● **Task**
With the pictures left aside, write out exactly the lines of the listing below from the line with "Bakterien sind eine" to the line with "Malatya Emniyet Müdürlüğü", both included, and only those.

● **The input**
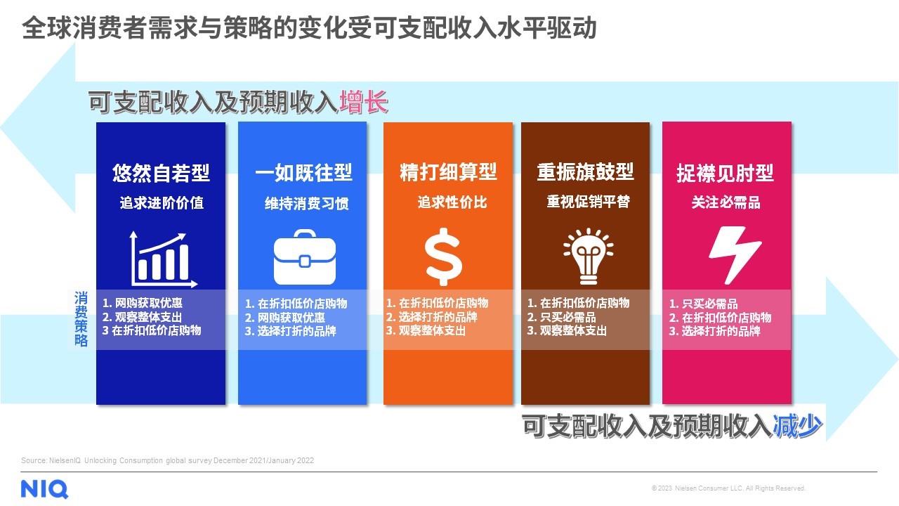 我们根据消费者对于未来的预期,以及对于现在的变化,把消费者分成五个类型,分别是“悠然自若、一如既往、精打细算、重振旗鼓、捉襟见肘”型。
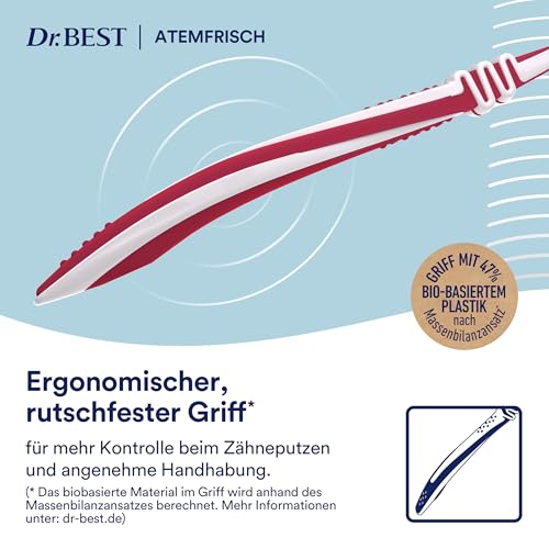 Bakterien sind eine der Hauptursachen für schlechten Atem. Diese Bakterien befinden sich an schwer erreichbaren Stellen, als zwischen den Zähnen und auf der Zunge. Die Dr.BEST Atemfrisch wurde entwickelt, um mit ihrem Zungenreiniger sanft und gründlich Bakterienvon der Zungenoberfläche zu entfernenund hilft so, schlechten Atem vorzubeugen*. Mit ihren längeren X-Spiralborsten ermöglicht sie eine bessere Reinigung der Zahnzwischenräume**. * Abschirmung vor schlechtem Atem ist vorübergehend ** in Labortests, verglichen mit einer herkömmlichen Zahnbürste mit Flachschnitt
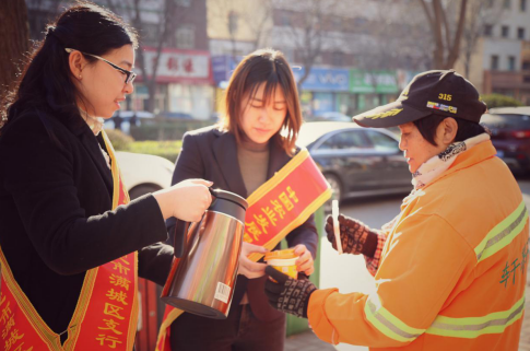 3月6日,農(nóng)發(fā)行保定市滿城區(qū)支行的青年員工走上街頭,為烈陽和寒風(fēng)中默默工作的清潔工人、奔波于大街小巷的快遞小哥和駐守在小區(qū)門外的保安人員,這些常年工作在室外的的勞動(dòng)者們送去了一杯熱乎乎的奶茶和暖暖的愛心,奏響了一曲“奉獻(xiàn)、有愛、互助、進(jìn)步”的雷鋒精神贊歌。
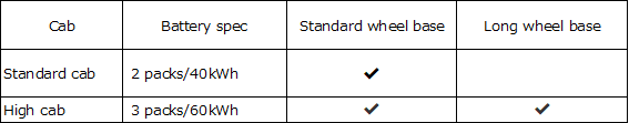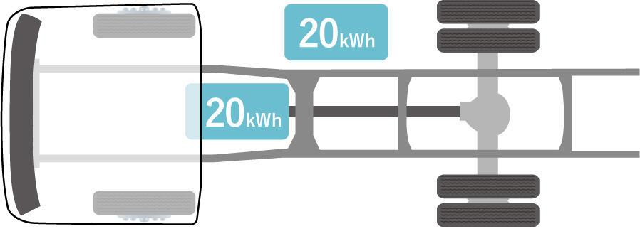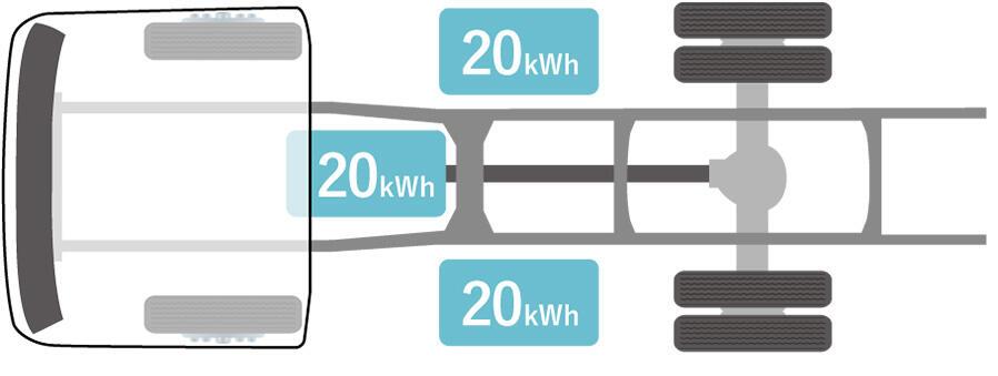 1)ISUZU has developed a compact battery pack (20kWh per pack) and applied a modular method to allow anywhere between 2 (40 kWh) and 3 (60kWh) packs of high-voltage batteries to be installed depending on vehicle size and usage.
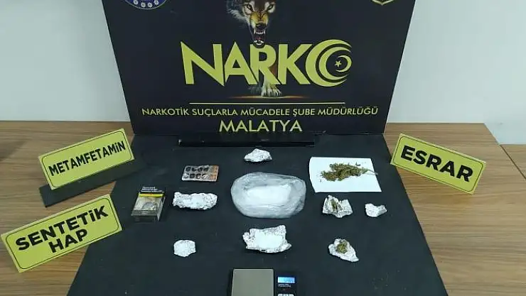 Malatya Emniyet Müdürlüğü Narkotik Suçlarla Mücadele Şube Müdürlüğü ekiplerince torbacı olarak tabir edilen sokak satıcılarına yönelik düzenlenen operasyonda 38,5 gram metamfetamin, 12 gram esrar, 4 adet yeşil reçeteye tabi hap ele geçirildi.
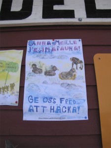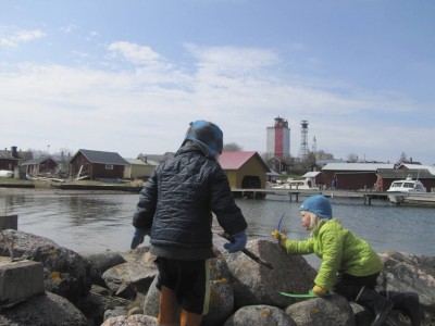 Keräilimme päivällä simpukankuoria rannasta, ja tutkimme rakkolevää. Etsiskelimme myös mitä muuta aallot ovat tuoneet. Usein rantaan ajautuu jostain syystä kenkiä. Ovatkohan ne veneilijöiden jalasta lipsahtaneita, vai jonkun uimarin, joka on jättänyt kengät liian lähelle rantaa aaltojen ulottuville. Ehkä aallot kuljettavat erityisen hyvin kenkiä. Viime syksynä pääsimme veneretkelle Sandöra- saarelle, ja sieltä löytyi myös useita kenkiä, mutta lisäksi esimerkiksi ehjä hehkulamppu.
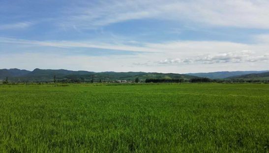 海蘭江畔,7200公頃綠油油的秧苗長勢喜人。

--

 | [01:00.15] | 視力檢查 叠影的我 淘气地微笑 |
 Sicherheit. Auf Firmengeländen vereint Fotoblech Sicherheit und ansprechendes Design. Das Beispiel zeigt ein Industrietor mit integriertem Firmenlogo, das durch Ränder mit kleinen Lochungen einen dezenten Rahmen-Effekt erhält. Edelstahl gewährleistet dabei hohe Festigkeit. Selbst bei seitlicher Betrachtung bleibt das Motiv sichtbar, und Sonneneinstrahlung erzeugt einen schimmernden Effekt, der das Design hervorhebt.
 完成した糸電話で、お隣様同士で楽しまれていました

● **Response area**
 Bakterien sind eine der Hauptursachen für schlechten Atem. Diese Bakterien befinden sich an schwer erreichbaren Stellen, als zwischen den Zähnen und auf der Zunge. Die Dr.BEST Atemfrisch wurde entwickelt, um mit ihrem Zungenreiniger sanft und gründlich Bakterienvon der Zungenoberfläche zu entfernenund hilft so, schlechten Atem vorzubeugen*. Mit ihren längeren X-Spiralborsten ermöglicht sie eine bessere Reinigung der Zahnzwischenräume**. * Abschirmung vor schlechtem Atem ist vorübergehend ** in Labortests, verglichen mit einer herkömmlichen Zahnbürste mit Flachschnitt
 3月6日,農(nóng)發(fā)行保定市滿城區(qū)支行的青年員工走上街頭,為烈陽和寒風(fēng)中默默工作的清潔工人、奔波于大街小巷的快遞小哥和駐守在小區(qū)門外的保安人員,這些常年工作在室外的的勞動(dòng)者們送去了一杯熱乎乎的奶茶和暖暖的愛心,奏響了一曲“奉獻(xiàn)、有愛、互助、進(jìn)步”的雷鋒精神贊歌。
 1)ISUZU has developed a compact battery pack (20kWh per pack) and applied a modular method to allow anywhere between 2 (40 kWh) and 3 (60kWh) packs of high-voltage batteries to be installed depending on vehicle size and usage.
 Malatya Emniyet Müdürlüğü Narkotik Suçlarla Mücadele Şube Müdürlüğü ekiplerince torbacı olarak tabir edilen sokak satıcılarına yönelik düzenlenen operasyonda 38,5 gram metamfetamin, 12 gram esrar, 4 adet yeşil reçeteye tabi hap ele geçirildi.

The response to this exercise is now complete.